The leadership team of the center includes two additional associate directors: Sarah Schlesinger, M.D., of Rockefeller, who is an expert on designing and implementing immune-based clinical trials to prevent HIV-1 infection and Betsy Herold, M.D., of Einstein, who is a leader in developing safe and effective topical microbicides for preventing HIV, genital herpes and other sexually transmitted infections.
HIV in NYC
New York City is considered “an HIV epicenter,” says Dr. Goldstein. More than 114,000 New Yorkers are living with HIV/AIDS and HIV is the third leading cause of death for NYC residents ages 35 to 54. In 2015, there were 2,493 new HIV diagnoses and 1,307 new AIDS diagnoses in New York City, according to the annual 2015 HIV/AIDS Surveillance Report from the New York City Department of Health and Mental Hygiene.
“The NYC location of our center serves both as a stimulant to reduce the anguish of HIV/AIDS in our hometown, and as a strategic research site for our collaborative mission to develop new advances in HIV treatment, prevention and cures,” adds Dr. Goldstein.

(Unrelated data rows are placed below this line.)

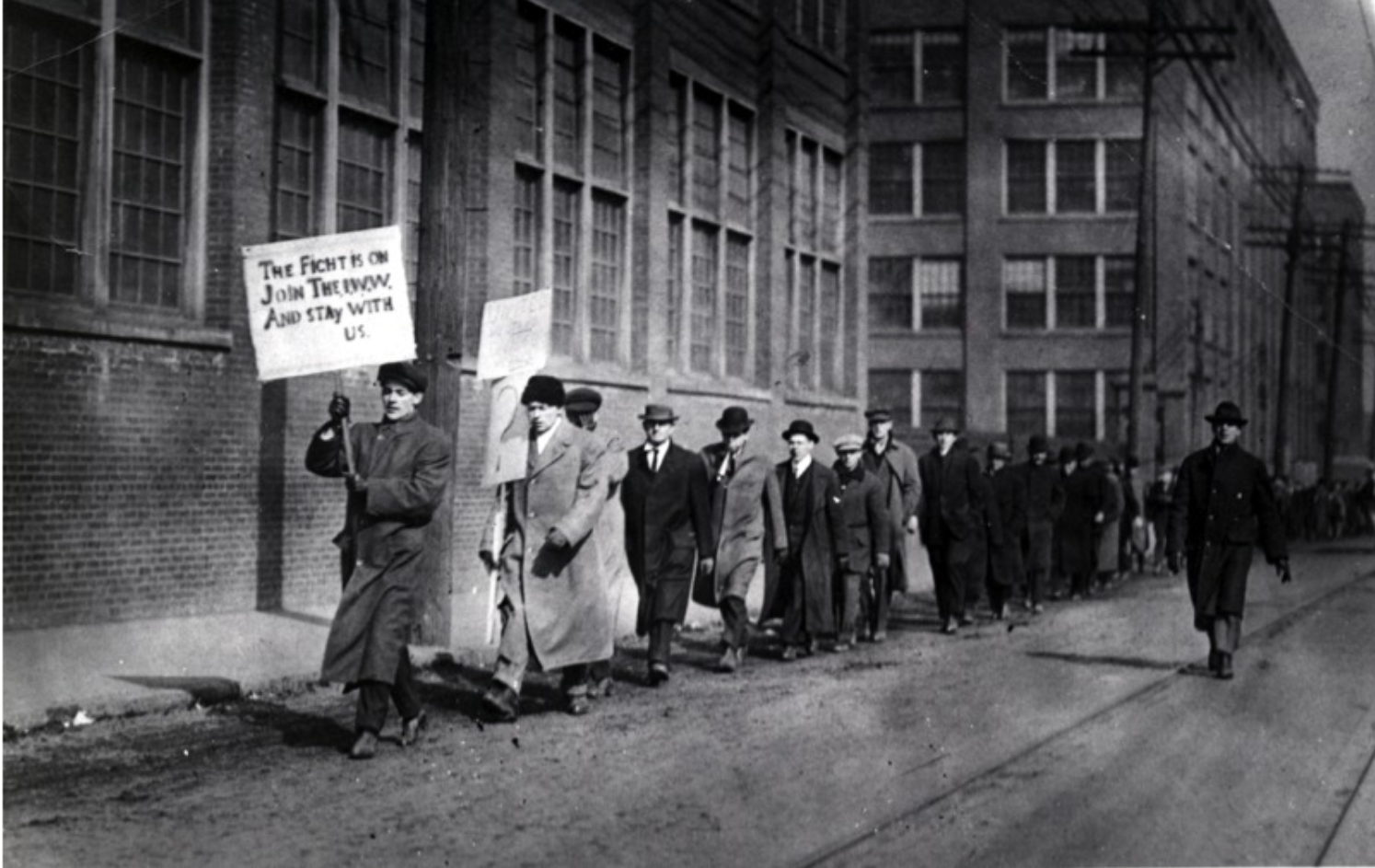 Workers picket with signs around the textile mill as the the Lawrence textile strike begins in 1912.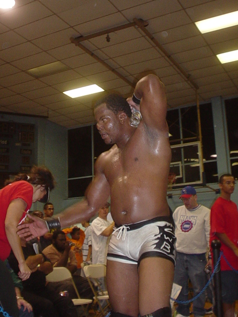 Professional wrestler Slyck Wagner Brown at Connecticut Championship Wrestling show on October 1, 2005.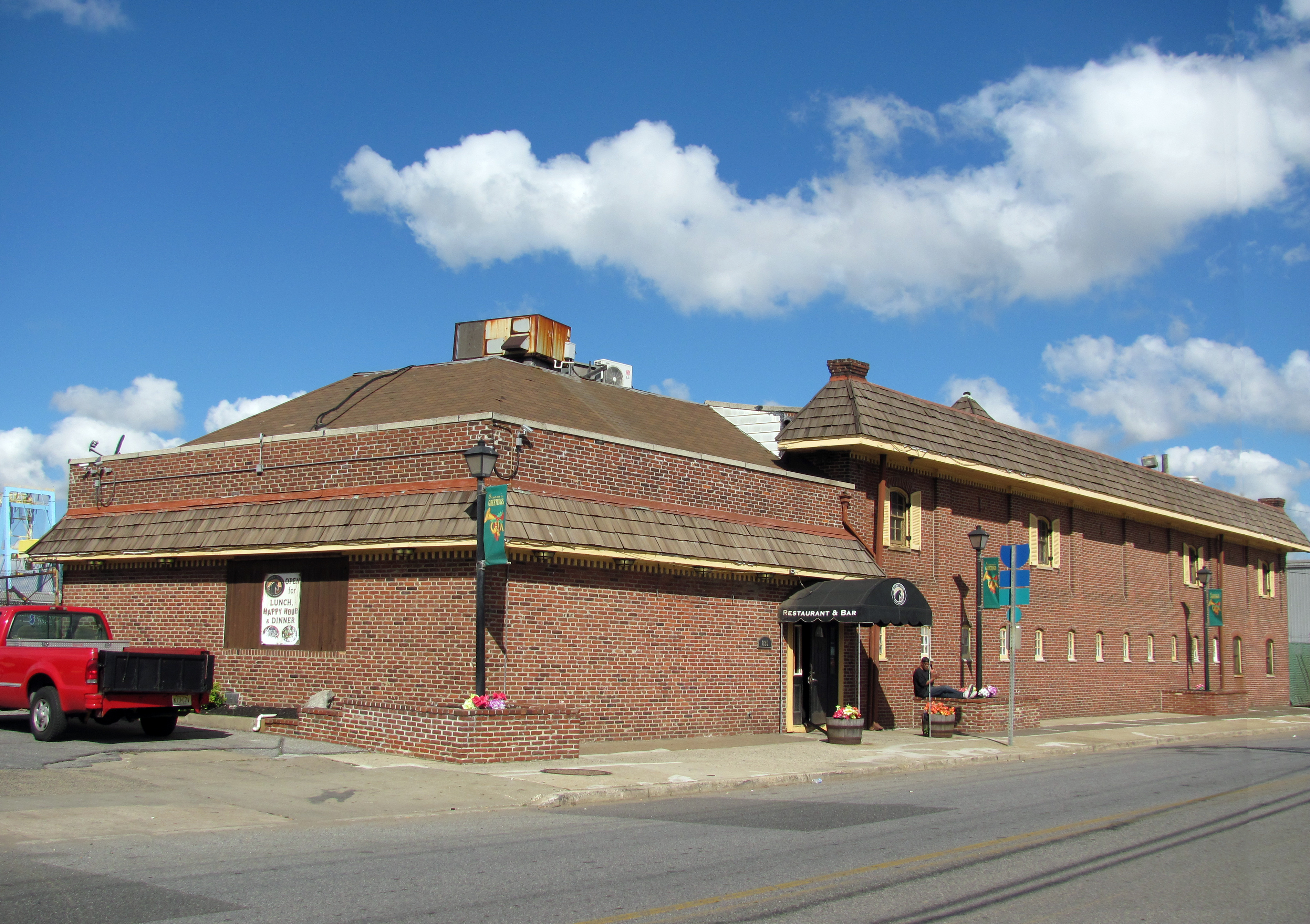 View of Volney G. Bennett Lumber Company, 138 Division St. and 845 S. Second St., Camden, , New Jersey looking northwest from Second Street.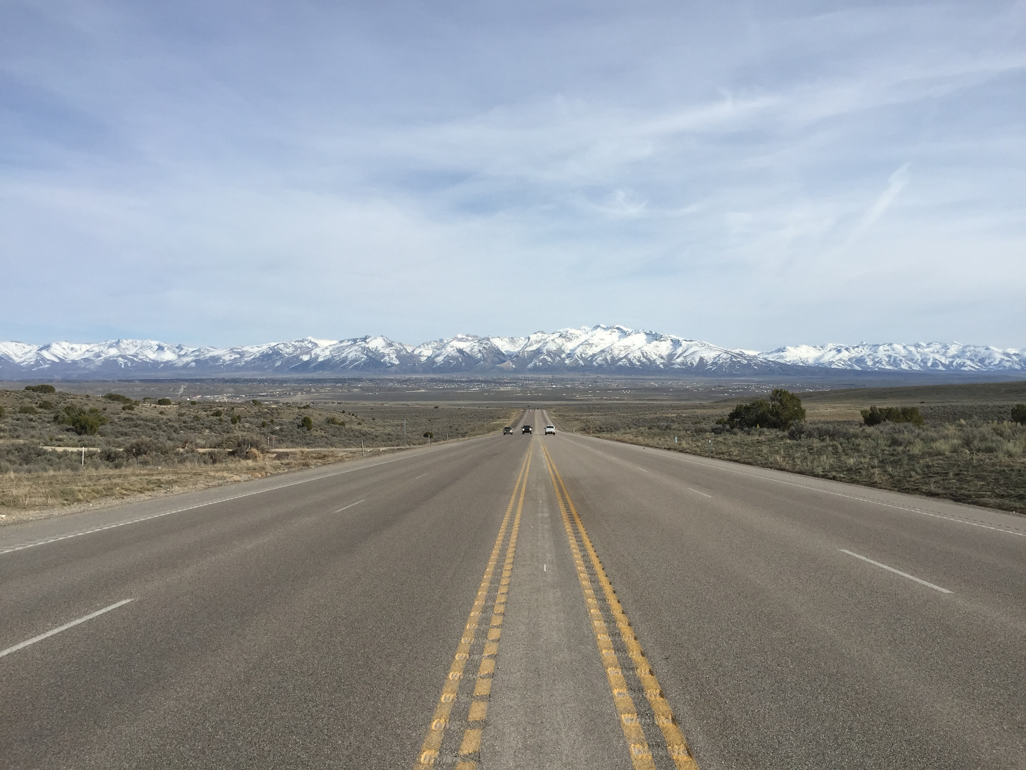 View southeast along Nevada State Route 227 (Lamoille Highway) about 4.9 miles southeast of Nevada State Route 535 (Idaho Street) in Spring Creek, Nevada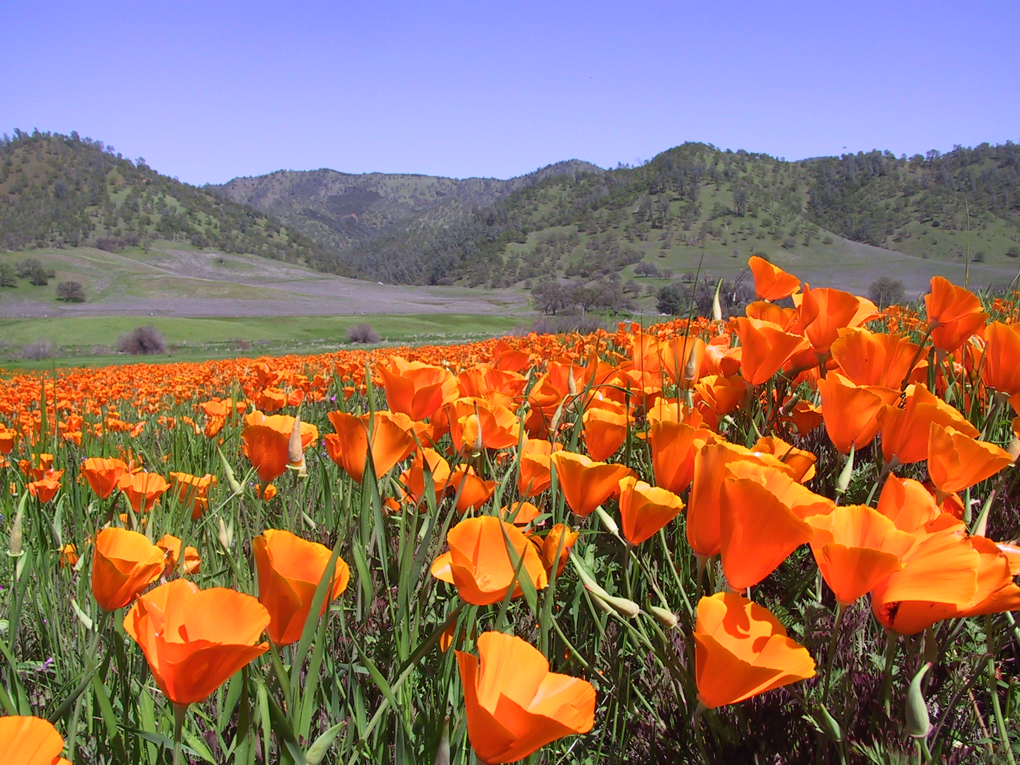 President Obama signs proclamation declaring the Berryessa Snow Mountain National Monument in Northern California. Public lands managed by the Bureau of Land Management and Forest Service in the new National Monument are some of the most scenic and biologically diverse landscapes in northern California. They range from rolling, oak-studded hillsides to steep creek canyons and ridgelines with expansive views.

On June 19, the new center will host an inaugural symposium at Einstein featuring Dr. Anthony Fauci, Director of the NIH National Institute of Allergy and Infectious Diseases (NIAID), Dr. Mary Bassett, Commissioner of the New York City Department of Health and Mental Hygiene and Dr. Michel Nussenzweig, professor and head of the Laboratory of Molecular Immunology at The Rockefeller University.
The grant is titled “Einstein-Rockefeller-CUNY Center for AIDS Research” (1P30AI124414-01A1).